In the rodent models, at around embryonic day E10-E12, the primordial germ cells undergo extensive epigenetic reprogramming, including a genome-wide reduction of 5-methylcytosine (5mC), to become stem-like cells for the germline [21]. A re-methylation occurs upon gonadal sex determination in a sex specific manner to generate the sperm or egg [22]. Environmental insults during this developmental period can alter the epigenetic reprogramming, and the altered DNA methylation patterns appear to become permanently programmed, similarly to the DNA methylation of an imprinted gene [19, 23]. These epigenetic changes are transmitted from the germline to the zygote and then to the embryonic stem cells, which will result in an altered epigenome and transcriptome in all somatic cells in future generations [19]. Ancestral exposure to environmental influences such as toxicants, abnormal nutrition, and traumatic stress can affect the germline epigenome and promote the epigenetic transgenerational inheritance of adult onset disease in various organisms from plants to humans [19]. Therefore, a need exists to identify predictive epigenetic biomarkers of environmental insult due to exposure to chemical toxicants.

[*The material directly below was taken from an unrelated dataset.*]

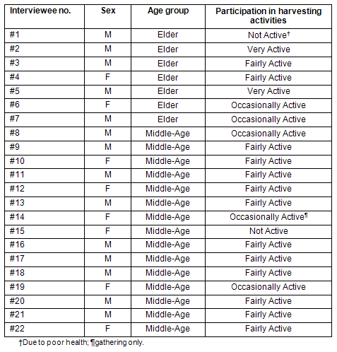 The 22 participants listed in Table 2 were segregated along three categories. They were divided by sex and age-status. While participants were not asked their age, the category of 'middle-age' here is defined here as 30-55 years, while Elders are defined as 55 years and older. Participants were also segregated based upon their involvement in harvesting activities. These include hunting, fishing and gathering as well as the preparation (ie skinning and butchering) of the harvested resources. Those who were considered to be 'very' active participated in harvesting activities at least four times a week. 'Fairly active' accounted for individuals who participated in harvesting activities three times a week on average. 'Occasionally active' refers to those individuals who participate in harvesting activities twice a week or only on special occasions (eg Spring Goose Hunt). 'Not active' refers to those who do not participate in traditional harvesting activities, but may still consume traditional foods.

These epimutations (DNA methylation, histone modifications, non-coding RNA, chromatin structure, and RNA methylation alterations) could be used as biomarkers of exposure and disease [24]. The pesticide DDT [25, 26], the herbicide atrazine [27], and the agricultural fungicide vinclozolin [28, 29] have been shown to promote transgenerational epimutations associated with disease as potential pathology biomarkers.

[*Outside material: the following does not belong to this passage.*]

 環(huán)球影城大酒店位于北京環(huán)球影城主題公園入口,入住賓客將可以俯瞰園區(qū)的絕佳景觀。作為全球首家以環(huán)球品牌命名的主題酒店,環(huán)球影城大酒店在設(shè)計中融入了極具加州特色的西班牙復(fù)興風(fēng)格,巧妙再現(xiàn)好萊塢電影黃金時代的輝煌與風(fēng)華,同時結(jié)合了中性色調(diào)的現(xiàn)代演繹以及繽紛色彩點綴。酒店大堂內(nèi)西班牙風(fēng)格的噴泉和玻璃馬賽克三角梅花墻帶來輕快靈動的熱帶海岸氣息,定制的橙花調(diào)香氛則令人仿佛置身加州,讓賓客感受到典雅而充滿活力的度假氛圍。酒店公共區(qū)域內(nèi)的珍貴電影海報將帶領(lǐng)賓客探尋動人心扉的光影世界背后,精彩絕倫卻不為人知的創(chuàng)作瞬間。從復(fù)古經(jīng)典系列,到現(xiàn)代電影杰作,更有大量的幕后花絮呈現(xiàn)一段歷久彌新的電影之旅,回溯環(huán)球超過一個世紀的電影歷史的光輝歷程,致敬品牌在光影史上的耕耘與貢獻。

The current study utilizes an epigenome-wide association study (EWAS) to identify DMRs associated with specific transgenerational diseases. Although our previous study demonstrated jet fuel was able to promote transgenerational sperm epimutations and various diseases [17], the current study is distinct and is designed to identify potential transgenerational epigenetic biomarkers in sperm for specific male diseases. Although transgenerational female disease has been observed, insufficient oocyte numbers prevent such analysis in females. The biological mechanisms underlying transgenerational epigenetic inheritance induced by jet fuel exposure are further investigated in the current study. An epigenome-wide association study (EWAS) compares individual males within the jet fuel lineage with a specific disease or pathology to those without any disease in order to identify epigenetic biomarkers for disease.

2. Methods

2.1. Animal studies and breeding

As previously described [17], female and male rats of an outbred strain Hsd:Sprague Dawley SD (Harlan) were fed ad lib with a standard rat diet and ad lib tap water. Timed-pregnant females (n=5) at 70 to 100 days of age were mated and on days 8 through 14 of gestation [30] were administered daily intraperitoneal injections of JP-8 hydrocarbon (jet fuel obtained from Lt Dean Wagner, Dayton, OH), 500 mg/kg/BW/day, or dimethyl sulfoxide (DMSO) with an equal volume of sesame oil (Sigma) to prevent irritation at the injection site.

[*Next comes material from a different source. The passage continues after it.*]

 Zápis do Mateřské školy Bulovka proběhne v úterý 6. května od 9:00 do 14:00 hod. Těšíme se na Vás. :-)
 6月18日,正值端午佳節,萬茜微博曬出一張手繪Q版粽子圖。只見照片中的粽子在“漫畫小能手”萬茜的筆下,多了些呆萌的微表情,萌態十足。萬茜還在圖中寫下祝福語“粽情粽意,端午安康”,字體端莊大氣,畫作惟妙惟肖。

The gestating female rats treated were designated as the F0 generation. F1–F3 generation control and jet fuel lineages were housed in the same room and racks with lighting, food and water as previously described [20, 24, 30]. Non-littermate females and males aged 70–100 days from F1 generation of jet fuel or control lineages were bred to others within their treatment group obtain F2 generation offspring. Un-related F2 generation rats were bred to obtain F3 generation offspring. Only the F0 generation received treatments and they exhibited no gross pathology upon dissection. Onset of puberty was assessed in males starting at 35 days of age by the presence of balanopreputial separation. All experimental protocols for the procedures with rats were pre-approved by the Washington State University Animal Care and Use Committee (IACUC approval # 2568). All methods were performed in accordance with the relevant guidelines and regulations. The sperm samples from the previous study [17] were archived and used for the current study.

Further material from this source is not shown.